Monday, August 15, 2011

Guest Post: "My dog, Teddy" By Abraham Lincoln

My first dog was a white fox terrier I picked out of a cardboard box. Somebody held me up so I could see in the box. She was typical of the breed, I suppose, and a good house dog that we kept for many years.

Years later when I was at school, in Greenville, and got off the school bus and went into the house on Fort Jefferson Road I noticed that Betty’s bed was gone. I asked mother where Betty was and she said she had Mr. Petry shoot her. I began to cry and mom said the growth she had on her head was cancer so she had him put her out of her misery. We never took her to a vet so I don’t know how mom made the diagnosis.

For a long time after that I didn’t like my mother one bit and I actually hated Mr. Petry for shooting my dog, Betty.

My second dog was a Beagle-mix I called, “Teddy.” Teddy was a good dog, but unlike Betty, who laid under the kitchen stove, Teddy wanted out and mother would let him out.

On these excursions, Teddy was something of a Romeo and explored the possibilities in our small town. He must have found them aplenty because somebody shot him with a shotgun and he came home, whined to get in the house, and when the door opened he crawled under the stove with Betty.

Mom and I looked at him and his skin was broken in many places and just under the skin were pieces of buckshot. “Somebody shot him!” Mother said. I looked and sure enough, somebody shot Teddy.

As I recall now, mom picked out most of the buckshot and after a few weeks Teddy was good as new and was out and about again. I am sure his friends were glad to see him and no doubt he got to see some of his puppies here and there.

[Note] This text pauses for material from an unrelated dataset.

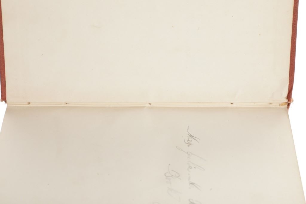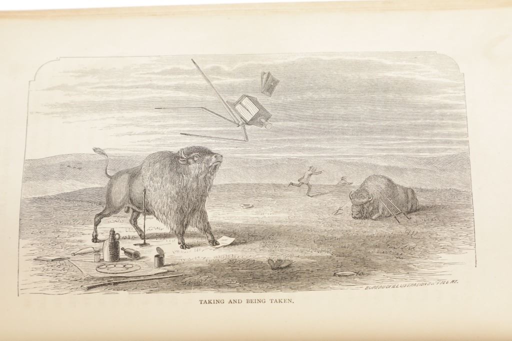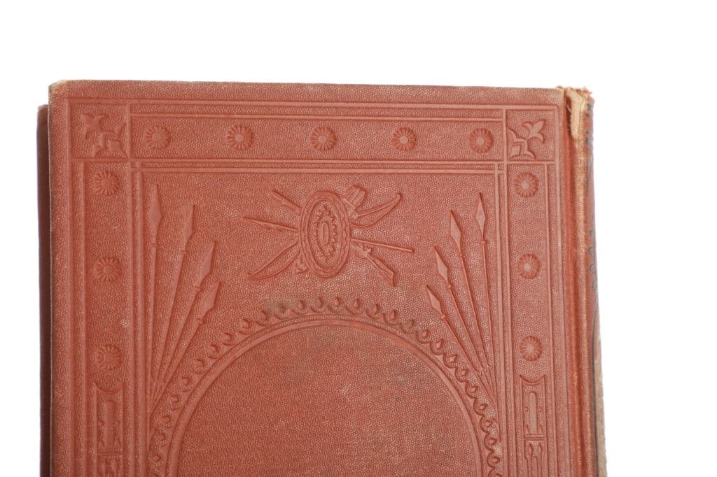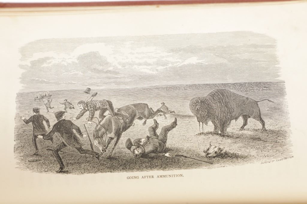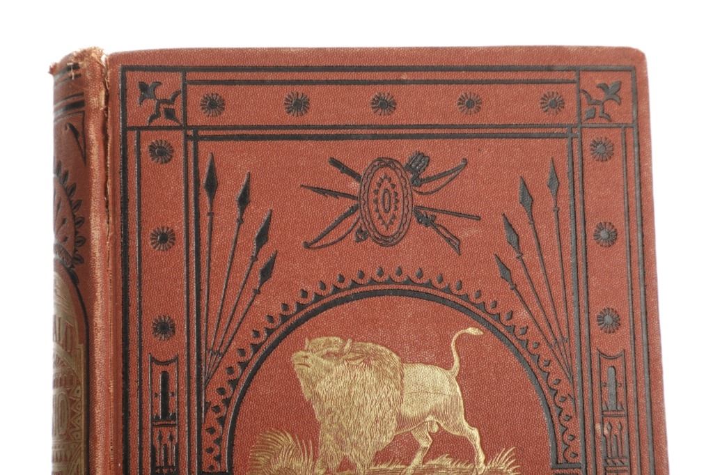 Featured in this lot is this 1873 of "Buffalo Land: An Authentic Account of the discoveries, Adventures, and Mishaps of a Scientific and Sporting Party in the Wild West" written by W.E. Webb and published in 1873. The book is a wonderful narrative of life in the Western Frontier during the early to late 1800's. The book features a illustrated and embossed cover on red cloth covering with gilt illustration on the cover and gilt lettering along the spine. The condition of this book is good with some wear to the corners of the cover and the top and bottom portion of the spine but otherwise in good overall condition. The measurements of this book are 8 7/8" x 6" x 1 5/8"

My sister and her husband came one day and talked but I didn’t pay much attention until the conversation got around to taking Teddy away. I started to cry because I love Teddy as much as Betty and Teddy was just getting better and if I coaxed him he would get the ball for me.

My sister and my mother assured me that they would take Teddy to a farmer who wanted a good dog and nobody on the farm would be shooting at him. I asked where the farm was because I would want to visit Teddy from time to time. They told me it was in Michigan.

Despite my protests, Teddy was gathered up and hustled out to the car and he looked out the window at me as the car moved off. I looked around, wiped my eyes, patted Betty on the head, and went out in the yard and cried.

I knew Michigan was farther away than Indiana and it would take a long time to get there, drop Teddy off at the farm and drive all the way back. I must have moped around and mom saw me and gave me a nickel and told me to get some candy at the store. The money made me feel better and the idea of getting some cash to buy it was like opening your lunch box at school and finding soda pop in the thermos and not vegetable soup.

Off I skipped to the grocery store. I totally forgot about Teddy for a few minutes. I bought all the candy a nickel would buy in those days.

I saw a couple of friends at the store and we went outside and sat on the curb. Now; unlike when I didn’t have candy, they were “my” friends and listened to me recite my bad luck story about losing Teddy to a farmer in Michigan.

Later, when the last taste of chocolate had disappeared from between my teeth, and my friends had gone, I walked slowly back home.

To my shock, my sister’s car was there and my heart raced because I imagined they had returned and brought Teddy back with them. I raced, barefoot, down the graveled street, and into the house letting the screen door slam behind me.

“Where’s Teddy?” I practically screamed.

My sister said, “We left him at a farm in Michigan.”

Liar – I knew she was telling me a big lie because it takes a long time to drive from Gordon, Ohio to anywhere in Michigan.

“You dumped him, didn’t you?” I yelled with tears flowing down my cheeks. Mom said, “He will find a good home in the county, Abe.”

Just like that, my dog, Teddy, was gone for good.

1 comment:

  1. That was a despicable way to handle that situation. I do not blame you for not liking your mother and hating the dog killer. That should have been your emotional reaction. It is completely normal. Obviously, they were poor and did not got to a vet. That small expenditure of money would probably have changed your life.